Paul Schimpf | Facebook
Paul Schimpf | Facebook
Former state senator and Republican candidate for governor Paul Schimpf argues that former Senate President John Cullerton returning to Springfield as a lobbyist tells you everything you need to know about state government.
“Ameren feeling the need to have the former senate president lobby shows that it is our entire political class that is dysfunctional, not just the elected officials,” Schimpf told the Prairie State Wire. “Legislation should be judged on its merits, not the political clout of its proponents.”
As the Senate reconvened in Springfield on June 15, Cullerton was back in town to talk energy as a lobbyist for Ameren after retiring from the Senate earlier this year following nearly four decades in the statehouse, 11 of them as senate president.
The plan he is pushing would see tax dollars being used to keep nuclear plants across the state open, close coal-fired plants that will cost southern Illinois jobs and shape the direction of renewable energy for years.
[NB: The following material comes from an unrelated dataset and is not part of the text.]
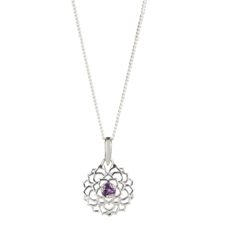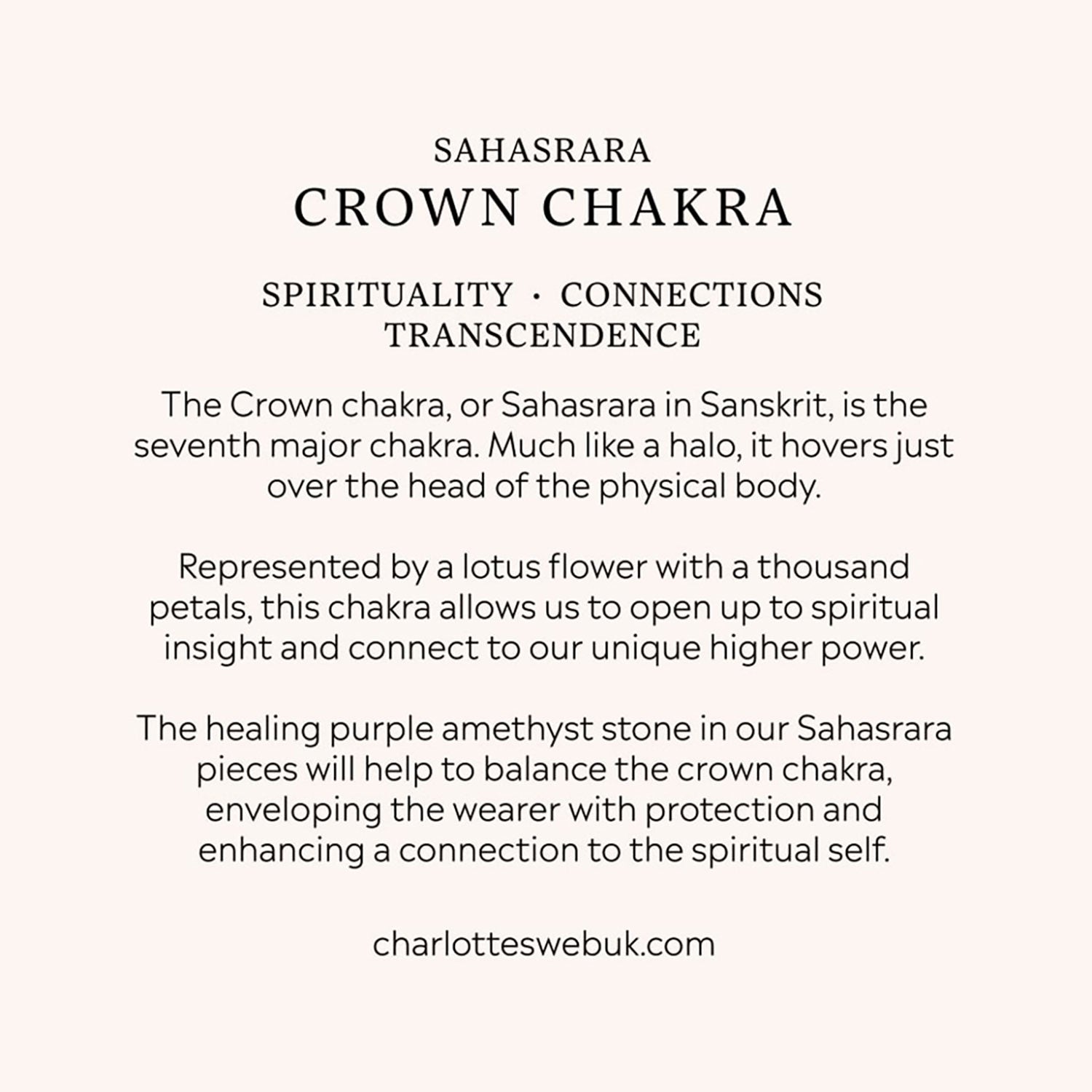 This Crown Chakra Silver Necklace with Amethyst by Charlotte’s Web Jewellery is inspired by the lotus flower, symbolizing enlightenment and connection to the universe. Designed around the Sahasrara (crown chakra), it features faceted amethyst stones that embody balance, spiritual clarity, and the February birthstone’s energy. Worn as a daily talisman, it serves as both a meaningful and striking piece of jewelry.

Even though the state recently passed an ethics reform package that institutes a 6-month prohibition on lawmakers lobbying their former peers, the legislation contains a major loophole that allows Cullerton to swing into action. The delay only applies during the term of the General Assembly when the lawmaker retired.
By comparison, states such as Alabama, Arizona, Colorado, Florida, Iowa, Kentucky and New York have two-year lobbying bans for former lawmakers.
If the reforms are signed into law by Gov. J.B. Pritzker, they take effect Jan. 1, 2022.